An email to the Finance Ministry went unanswered, and the RBI didn’t immediately respond to a request for comment on concerns about regulatory risks among foreign investors and bankers.
RBI Intervention
Authorities have long been cautious about opening up to the NDF market, a key channel for speculative pressure during the 2013 taper tantrum. The RBI took a big step in 2020 by allowing local banks to trade the rupee in places like London and Singapore, and later let them offer these contracts to domestic clients. It has also, at times, informally urged banks to avoid building new offshore positions, but the latest measures are the most draconian yet.
The RBI, too, has used the offshore market for its own intervention. Over the past few months, its forward book has widened to $78 billion in dollar liabilities as of February, some of which includes overseas bets. Those positions eventually need to be settled, creating fresh demand for dollars that can weigh on the local currency.
To be sure, the latest measures don’t restrict foreign investors from hedging through domestic banks, as long as it’s in the deliverable market and not for speculation. They also don’t prevent others from offshore trading of NDFs.
“Such measures are likely to create a wedge between offshore and onshore markets,” said Soumya Kanti Ghosh, chief economic adviser at State Bank of India and a member of the prime minister’s economic advisory council. “This might create a vicious loop” where offshore premiums see gains, he added.
In recent years, regulators have repeatedly stepped in to cool market activity at a time when India is seeking a bigger place in global portfolios. A crackdown on equity derivatives tightened rules on short-term speculation by cutting the number of weekly index options expiries. Authorities stifled a once-buoyant onshore currency futures market in 2024.
What Bloomberg Strategists Say...
While the rupee is likely to be a lot steadier in light of the ceasefire and the RBI’s previously announced measures to curb speculation against the currency, the deficit outlook will still check how far the rupee can strengthen from here.
— Ven Ram, Markets Live Strategist
Still, the trade-off between currency stability and an open market may be unavoidable in times of stress. RBI’s Malhotra said FX volatility surged in the final weeks of March, with positions building up and arbitrage widening between non-deliverable and deliverable markets. Those linkages help price discovery in normal times, but not during periods of excessive volatility.
Former Securities and Exchange Board of India board member Ananth Narayan said there’s been a substantial build-up of bets against the rupee over the past two years, some for hedging but others likely speculative. Excessive one-sided positioning can be destabilizing, he said, making the RBI’s pushback understandable even if the timing is debatable.

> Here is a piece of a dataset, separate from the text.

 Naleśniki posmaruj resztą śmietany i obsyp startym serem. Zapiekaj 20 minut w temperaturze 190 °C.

Some analysts say the RBI’s measures offer only limited relief for an economy facing a current-account deficit and capital outflows. High oil prices may worsen inflation and the deficit, accelerating the rupee’s decline. The currency pressure isn’t likely to dissipate soon given the war, said Rajeswari Sengupta, associate professor at Indira Gandhi Institute of Development Research in Mumbai.
The policy’s effectiveness depends on what’s driving speculative bets. If trades were momentum-driven, they may unwind and help stabilize the rupee. But if they reflect deeper views about the outlook, investors may “lick their wounds and hold on,” and the fundamentals will re-assert themselves over time, said Jayanth R. Varma, a former member of the RBI Monetary Policy Committee.

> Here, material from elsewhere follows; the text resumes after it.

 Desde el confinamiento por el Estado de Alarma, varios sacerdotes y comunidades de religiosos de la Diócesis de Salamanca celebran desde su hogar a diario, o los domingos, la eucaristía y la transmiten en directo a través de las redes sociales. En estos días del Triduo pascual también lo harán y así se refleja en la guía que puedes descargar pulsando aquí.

For now, the NDF curbs have eroded liquidity and made hedging more difficult. The widening gap between onshore and offshore markets is already weighing on foreign demand for Indian bonds and could dent further inflows.
“Foreign investors need a reliable and predictable investment framework to maintain or increase their portfolio allocations to India,” said Rajeev De Mello, global macro portfolio manager at Gama Asset Management SA.